The Scaramanga Six – ‘Walking Through Houses’ (single review)
Finding original bands in the murky sea of Libertines copycats and interchangeable punk-pop acts is about as easy as finding appropriate use of irony in an Alanis Morissette lyric. To the cynics among us, everything has already been done. The cycle of music is such that genres that the media proclaimed dead years ago are enjoying something of a rebirth through retro-hungry post-modernists. The hyper-commercial state we now live in, however, ensures that these genres are largely only mass-marketable, watered down versions of their former selves. Punk, for example, isn't dead, but you have to know where to look to find torch-carrying artists with real conviction and purpose. The mainstream music press are content to pump us full of whatever sells. And right now, nostalgia is what sells.
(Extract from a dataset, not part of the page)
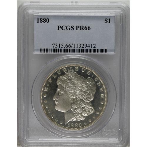 <B>1880 S$1 PR66 PCGS.</B></I> The silver-gray obverse is moderately reflective, though the reverse has considerably more flash. Boldly impressed with a touch of champagne patina on each side, a thin line of reddish-gray toning that courses through the eagle's wing and the tips of the arrows, and a handful of isolated brown spots. Breen notes that all proofs display minor repunching on the 1 in the date.<BR><BR><b>Shipping:</b> Coins & Currency (<a target="_blank" href="http://www.heritageauctions.com/common/shipping.php">view shipping information</a>)

Progression, at least in the mainstream, is the only thing that's dying.
Enter Leeds-based five-piece The Scaramanga Six. Like an industrious Dr Frankenstein, their approach to music is to rework and reappropriate several different styles of playing that don't often find themselves side-by-side. 'Walking Through Houses', the lead single from their forthcoming album 'A Pound of Flesh', is a potent cocktail of haunting, overdramatic vocals, eerie guitarwork and carefully layered doses of string accompaniment. Like the bastard child of Danny Elfman and Freddie Mercury, it's equal parts deranged theatrics and pompous melody. It builds from it's subdued beginnings to burst into a crunching guitar riff that drives the song onwards. Despite it's twisting and turning it never loses focus, and maintains a ghostly, detached feel right to the death. Lyrically, it's not the strongest, with eccentric talk of women in dressing gowns, but what it lacks in wordplay and insight it more than makes up for in mood.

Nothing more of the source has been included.